Le deuxième exemple prend en compte l’amélioration de la mobilité des individus à travers le monde. Un patient belge parti vivre aux Etats-Unis souhaite continuer à avoir son dossier médical revu par un médecin belge. Or, il n’est pas exigible de tout médecin belge d’avoir une maîtrise des termes et cultures anglo-saxons. L’inter-opérabilité sémantique consiste, ici, à fournir des outils permettant d’établir de manière automatique la traduction de bilans de santé d’une langue et d’une culture à l’autre. Par exemple, d’une part la traduction automatique de « Body Mass Index » (BMI) en « Indice de Masse Corporelle » (IMC) et d’autre part trouver automatiquement l’équivalent de la norme américaine de BMI en Belgique pour l’IMC.

Illustration 2 : Inter-opérabilité sémantiqueinspiré de P. Brown

Un domaine techniquement complexe

Le W3C a une composante dédiée au Web Sémantique dans laquelle sont définies des recommandations techniques pour implémenter ces solutions : représentation des connaissances avec RDF ( Resource Description Framework), ontologies avec OWL (Web Ontology Language), description des services avec SOAP (Simple Object Access Protocol). Le WSMO group ( Web Service Modeling Ontology) construit, au niveau européen, un standard pour la description de services web sémantiques. En Wallonie le Réseau Santé Wallon définit et met en place des outils de description et de transmission des dossiers patients dans le format KMEHR.

Illustration 3 : Pile des outils du Web Sémantique (origine : www.w3.org)

Le CETIC s’empare de ces problématiques

L’inter-opérabilité sémantique est une étape nécessaire dans la constitution d’un système d’information médicale décentralisé et multi-acteurs qui laisse la liberté des solutions techniques. Pour cela, il faut utiliser des services et des données enrichie d’un point de vue sémantique. Le CETIC a mis en place une équipe dédiée au Traitement Sémantique de l’Information, dans lequel sont exploités les concepts et techniques du web sémantique. Cette équipe travaille actuellement à la "sémantisation" des données issues des intranets et de l’internet en développant une suite d’outils comprenant un extracteur d’information d’internet ou d’intranet, un système de fichier ainsi qu’un système d’indexation sémantique de documents.
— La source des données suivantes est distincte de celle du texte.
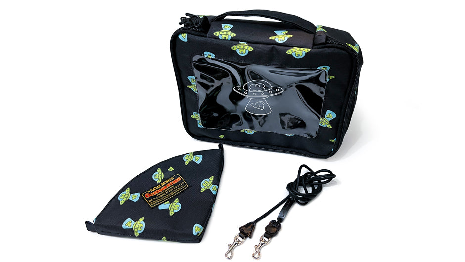 The first two items are pouches produced by Natal Design using custom fabric, the design of which was developed from the "UFO" design.

Dans le domaine eHealth le CETIC dispose d’une expérience concrète en tant que responsable des développements techniques du projet européen OLDES dont l’objectif est d’améliorer la qualité de vie des personnes âgées à leur domicile en développant une plate-forme électronique d’aide aux soins qui soit économique et adaptée aux besoins spécifiques de personnes âgées.

Le CETIC compte renforcer son activité à court terme via le démarrage d’une projet eHealth wallon dont il est le chef de file associant des acteurs clefs de ce domaine en Wallonie et dans lequel sera développé une plateforme eHealth. Entre autres, celle-ci proposera aux fournisseurs de services eHealth d’y déployer leurs services web. La composante sémantique (données et description des services) permettra d’assurer l’inter-opérabilité sémantique et ainsi d’automatiser une partie de la composition des ces services.